Location
- 2000 NE 46th Street Kansas City, Missouri 64116 United States
- Coordinates: 39°10′41″N 94°33′24″W﻿ / ﻿39.178054°N 94.556696°W

Information
- Classes offered: Digital Media and Design, Engineering and Advanced Manufacturing, Global Business and Entrepreneurship, Global Logistics, Medicine and Healthcare, Technology Solutions
- Website: www.northlandcaps.org

= Northland Center For Advanced Professional Studies =

Northland Center for Advanced Professional Studies (CAPS) is a high school program which operates multiple different magnet programs for students who live within the school districts of: Excelsior Springs, Kearney, Liberty, North Kansas City, Park Hill, Platte County, and Smithville.

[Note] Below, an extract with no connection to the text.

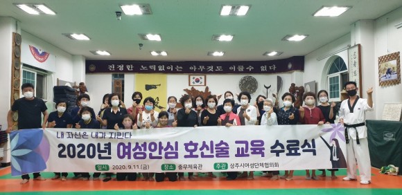 |  | | | ⓒ (주)영남도민일보 | | [영남도민일보] 최교열 기자 = 상주시여성단체협의회(회장 노경순)는 11일 오후 8시 30분 관내 체육관에서 지역 여성 30명을 대상으로 ‘2020 여성안심 호신술 교육’ 수료식을 가졌다.

The center focuses on providing an education focused on building professional skills in partnership with local businesses and educational institutions.

== Focus ==
The center offers pre-professional, innovative and entrepreneurial education by immersing students in professional environments and employing a curriculum developed by industry professionals and program instructors.

== Courses and Strands==
- Digital Media and Design
- Global Business and Entrepreneurship
- Global Logistics
- Medicine and Healthcare
- Technology Solutions

==CAPS Network==
Northland CAPS is part of the CAPS Network that links other schools employing the CAPS program.
- Affton Advanced Professional Studies (A@ps ), Affton School District, St. Louis County, Missouri
- Alexandria Public Schools, Alexandria, MN
- Blue Valley Center For Advanced Professional Studies, Overland Park, KS
- Cedar Falls Schools, Cedar Falls, IA
- ignite@psc – Bentonville Public Schools Professional Studies Center, Bentonville, AR
- The Innovation Collaboratory – Elmbrook School District, Elmbrook, WI
- GO CAPS, (Greater Ozarks Center for Advanced Professional Studies) – Participating GO CAPS districts include Bolivar, Branson, Logan-Rogersville, Monett, Nixa, Ozark, Reeds Spring, Republic, Springfield, Strafford and Willard.
- Park City CAPS in Park City, Utah
- Spark!, Parkway School District, St. Louis County, Missouri
- MET Professional Academy, Peoria Unified School District in Glendale, Arizona
- Minnesota Center for Advanced Professional Studies (MNCAPS), Lakeville Area Public Schools and Prior Lake-Savage Area Schools
- Shakopee Public Schools, Shakopee, MN
- Topeka Center for Advanced Learning and Careers, Topeka, Kansas
- VANTAGE (Minnetonka Advanced Professional Studies) in Minnetonka, Minnesota
- The School District of Washington located in Washington, MO
- Westside CAPS, Westside Community Schools in Omaha, Nebraska.